Wednesday 30 January 2013

Anna Karenina (2012)





Director: Joe Wright

I first met Anna Karenina about two years ago when I watched film by Bernard Rose with Sophie Marceau and Sean Bean in the leading roles. I fell in love with the story from the first sight. It was something romantically daring but, at the same time, sad and sentimental. Since then I have reached for the Leo Tolstoy's book from time to time but have not reached it yet. I do not know what is holding me back but I cannot pull myself together and finally read it. Maybe that is the reason why I was looking forward to the new cinematographic adaptation of Anna Karenina. I had to relive the story once again.

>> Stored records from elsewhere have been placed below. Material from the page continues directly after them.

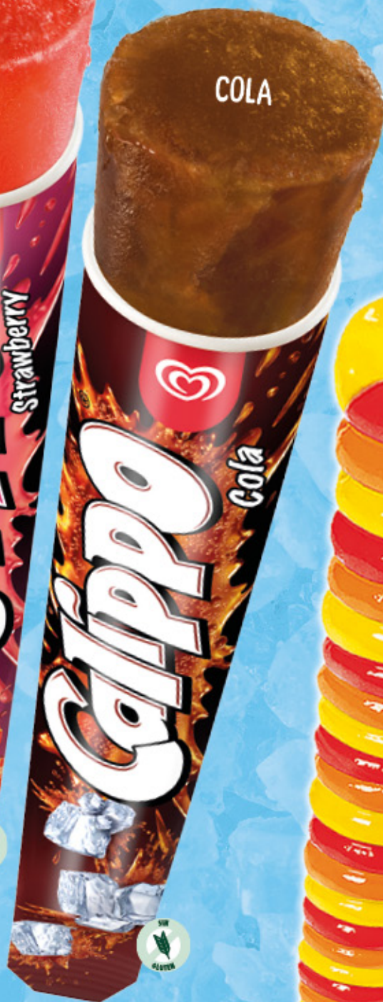
CALIPPO COLA Ref.: 46124 24 ud./caja-105 ml · 105 g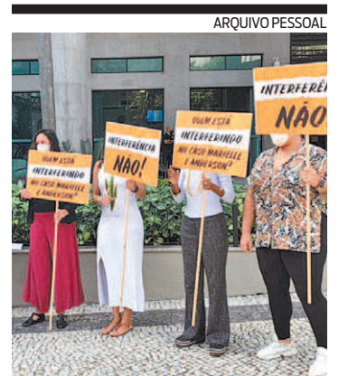
Famílias reunidas no MP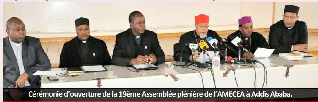
Cérémonie d'ouverture de la 19ème Assemblée plénière de l'AMECEA à Addis Ababa.

La 19 e Assemblée Plénière des Evêques de la Zone AMECEA tenue à Addis-Abéba (Ethiopie) en juillet 2018, l'atelier préparatoire de lancement de l'année jubilaire du SCEAM à Kampala (Ouganda) en juillet 2018 ainsi que la rencontre des Evêques de la Zone IMBISA à Prétoria (Afrique du Sud) en octobre 2018 furent des espaces et des opportunités d'écoute active des Evêques et de présentation de l'action de Caritas Africa et de défis qu'elle rencontre dans sa mission.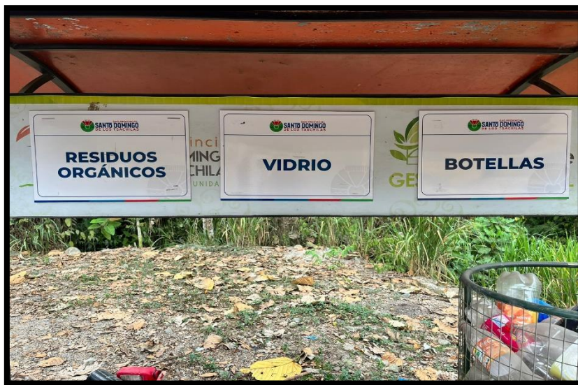
Ilustración 4. Señalética para la Clasificación de los desechos.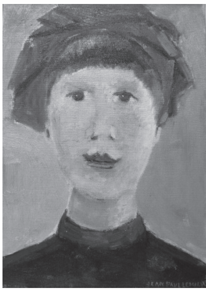
Jean-Paul Lemieux - jeune fille au bandeau rouge - Halk sur toile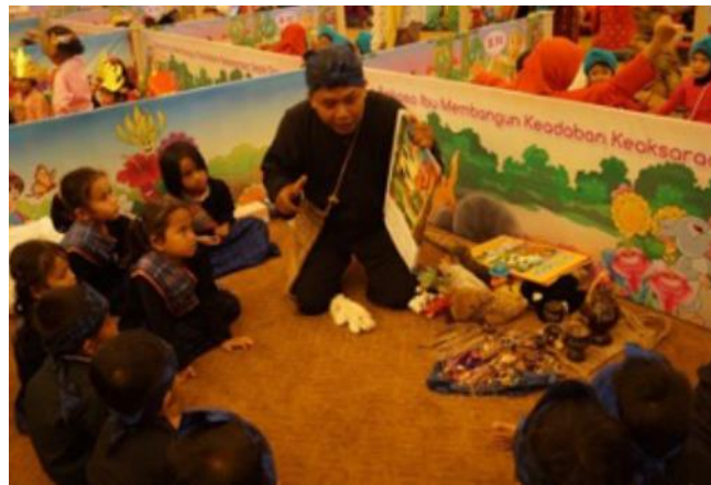
Gambar. 2 Gambar storytelling

Perkembangan teknologi yang terjadi saat ini sangat berpengaruh terhadap kehidupan khususnya dalam dunia pendidikan. Perkembangan era globalisasi yang sangat pesat menuntut dunia pendidikan untuk menyesuaikan perkembangan teknologi informasi terhadap usaha dalam meningkatkan kualitas pendidikan. Salah satunya adalah ilustrasi yang dapat membantu mendorong kebiasaan membaca anak. Dengan adanya ilustrasi anak akan terdorong untuk membaca teks yang akan kemudian meningkatkan minat mereka untuk membaca peran penting ilustrasi dalam membaca cerita bergambar anak juga dapat meningkatkan kenikmatan teks dengan kata lain, anak – anak lebih menikmati teks jika mereka melihat gambar dan menghubungkannya dengan kalimat dalam teks. Ilustrasi juga dapat merangsang imajinasi anak – anak dan kemampuan mereka untuk menyimpulkan informasi dan menarik kesimpulan sendiri.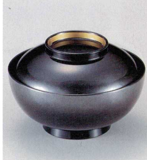
10-226-3 W-5-34 TM 4寸新仙才椀 黒銀ぼかしつば金 ¥2,800 (12.2φ×8.2) 椀100 290cc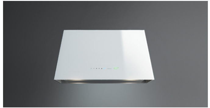
Immagine indicativa del prodotto Potrebbe non corrispondere alla versione selezionata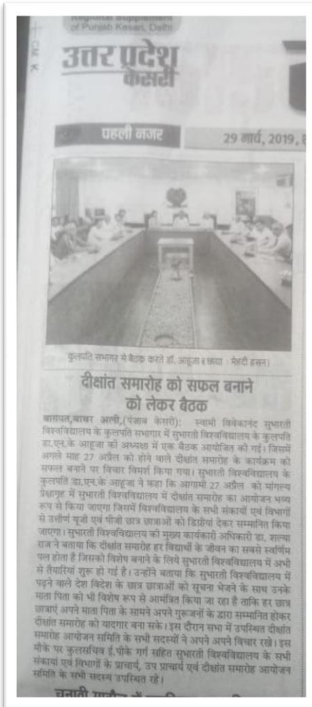
Article Meeting regarding Convocation at SVSU Meerut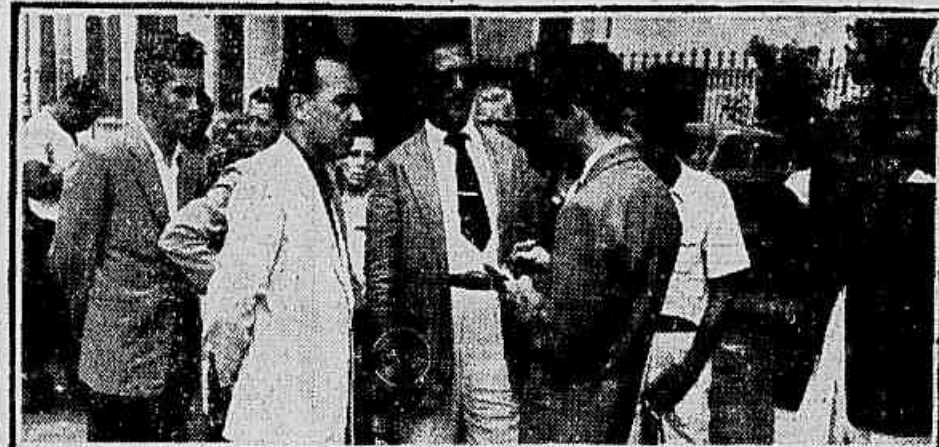
Passageiros nas filas de ônibus criticam duramente o novo plano de tráfego

RESOLVE O AMÉRICA NEGOCIAR OSVALDINHO (Texto na 2ª pag.)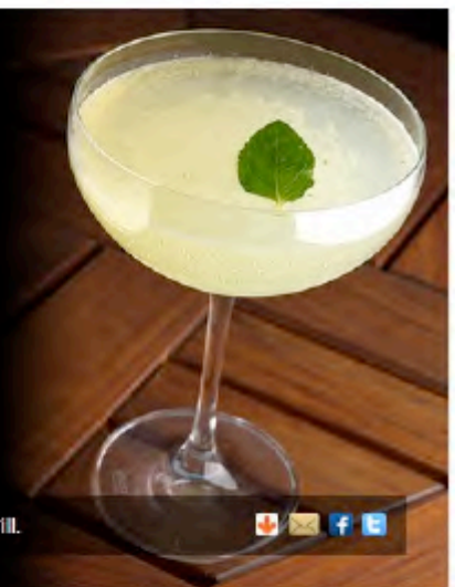
Un coctel en el restaurante J&G Grill.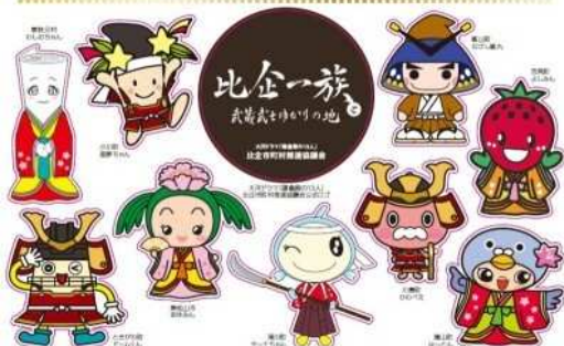
大河ドラマ「鎌倉殿の13人」比企市町村推進協議会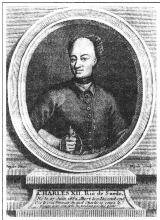
Карл XII. 1697–1718 гг. Гравюра Э. Финке по оригиналу Крафа. Конец XVIII—начало XIX века

In the course of time, the plot obviously has not changed but the way how it is presented does have. No royal castles, estates but just a stage in an old theatre which  transforms from a ballroom to a skating-rink in less than a minute. All the cream of society plays theatre because it is forbidden to reveal your true emotions. Anna did not obey this rule. She was fulfilled with passion, desire and happiness so much that she could not control herself. Anna finally had found a man who she loved and who loved her (but maybe it was just lust and desire?). Nothing could stop them except for the condemnation of the classies. That ruined everything Anna had ever believed in.

Frankly speaking, at the beginning of the film I was in complete perplexity because I could not understand why everything was happening in one place and therefore I was kinda bored but, as the story went by, I became more and more interested (I finally understood that this Anna Karenina is full of surprises and there were much more of those to come). Apparently, Joe Wright (Director of Pride and Prejudice) wanted us,  spectators, to think outside the box, as there is a lot of subtext to comprehend. 

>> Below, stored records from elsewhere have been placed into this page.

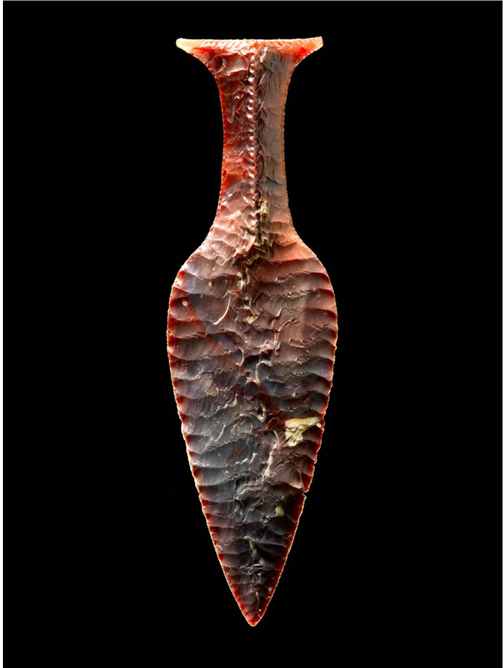
Hindsgavldolken, Danmarks Oldtid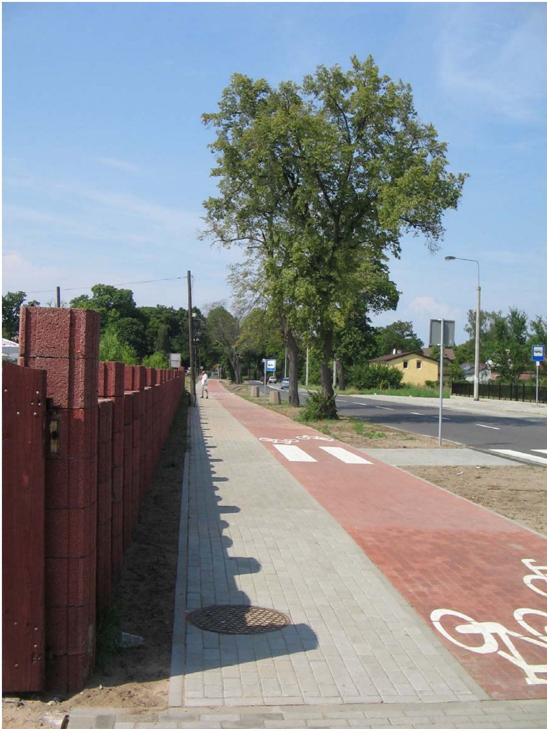
Ścieżka pieszo - rowerowa w rejonie Świbna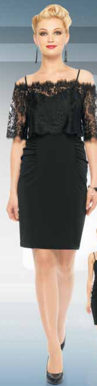
Топ 51582 Р-ры 42-52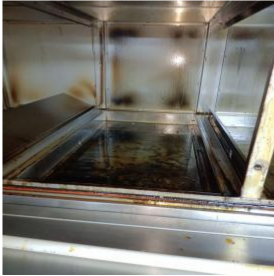
净化器机箱道清洗前 1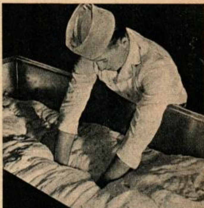
A gauche, la pâte malaxée est versée dans une auge de 225 kg. A droite, on pratique dans la masse en fermentation des canaux d'aération.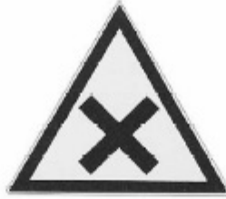
UNI 8136 2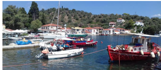
Agia Kyriaki, Trikeri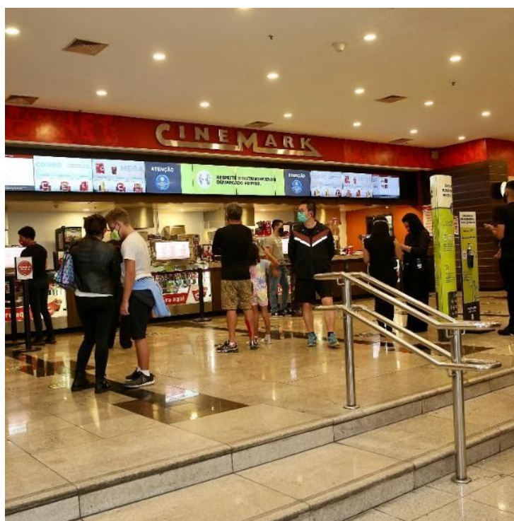
Figura 11 - Exemplo de cinema em shopping

Os jovens emo como consumidores da cultura pop e aficionados pelo romantismo eram grandes frequentadores de cinemas, principalmente nos shopping, onde a sua presença era quase garantida. Em alguns desses estabelecimentos havia promoções, como a “Quinta do Beijo”, que consistia em jovens beijando seus pares a fim de conseguir o desconto no bilhete de entrada dos filmes. Apesar de não ser específico para os emos, eram eventos muito comuns entre a comunidade e, dessa forma, podemos compreender que “o lugar é necessariamente constituído a partir da experiência que temos do mundo” (TUAN, 1975).

I have to admit that this film really is a masterpiece - the costumes, make-up and the way how Joe manages to capture sunlight, mist and wind. And he did not forget about the Russian culture as well (songs, words, traditional food). Keira Knightley is fascinating, although I do not like that sometimes when she smiles, her eyes are almost closed but that is the matter of inheritance, not her acting skills. Let's not forget Jude Law as well. His character is not as notable as the one Aaron Taylor-Johnson (still not sure about him) portrays but the manner how Law plays his little scenes is outstanding. He does not do much but how he does... 

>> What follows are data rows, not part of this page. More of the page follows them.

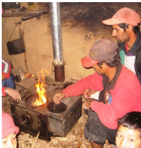
Uma família nepalesa a usar um fogão a lenha para cozinhar e aquecer.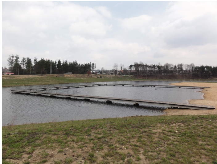
Kąpielisko z pomostem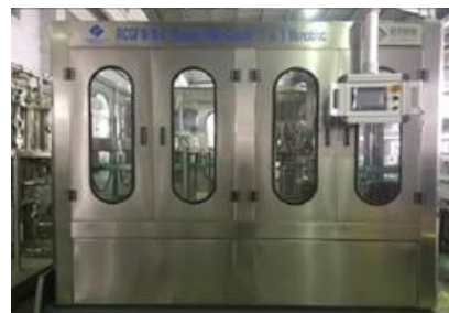
Зураг 2. Үйлдвэрийн дотоод орчин, тоног төхөөрөмж

Бүтээгдэхүүн үйлдвэрлэх үндсэн болон туслах түүхий эд: Үйлдвэрлэлд нийт 28 нэрийн үндсэн болон туслах түүхий эд, 4 нэрийн ургамал, 2 нэрийн жимс, 58 нэрийн хайрцаг, сав баглаа боодол хэрэглэдэг. Түүхий эд, сав баглаа боодлыг дотоод болон гадаадын /Солонгос, Хятад, ОХУ/ гэрээт бэлтгэн нийлүүлэгчээс авдаг. Ургамлын түүхий эдийг гэрээт бэлтгэн нийлүүлэгч болон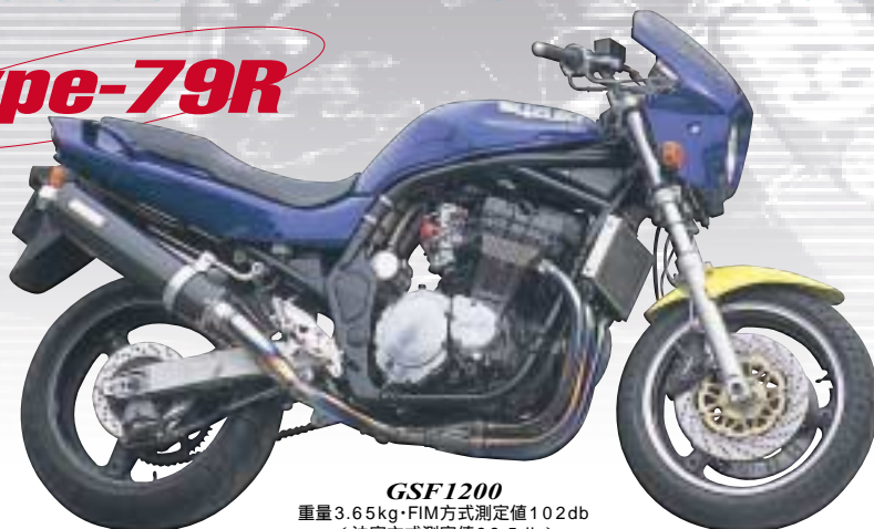
GSF1200 重量3.65kg・FIM方式測定値102db (法定方式測定値98.5db)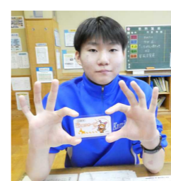
12/18 認知症サポーター養成講座受講(中2年) 受講証をGET!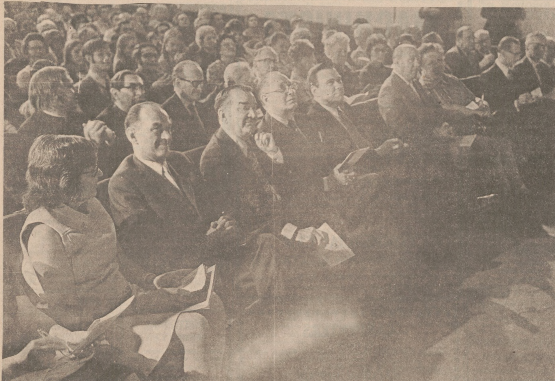
Fotografia zgromadzenia w amurywskie pomieszczenia restauracji w Waszyngtonie w dniu wydania znaczka na cześć Mikołaja Kopernika, 25 kwietnia br.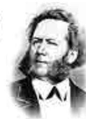
Henrik Johan Ibsen

Overall, I must say that at first I was not pleasantly surprised and did not think that "Anna Karenina" was something I would watch again and again or the film that deserves Oscars but... As I am thinking over and over again, Joe Wright's adaptation was not as bad as I considered initially. (I just was not well prepared but you are now.) Actually it is pretty sensational ( which else of the nominated films was discussed so much by the critics). Who cares that sometimes there was too much of directness in cases of intimacy. This is one of those films that can be watched on St. Valentine's day. Well maybe not so much for the Anna and Vronsky's lust, as for the pure love of Kitty and Levin.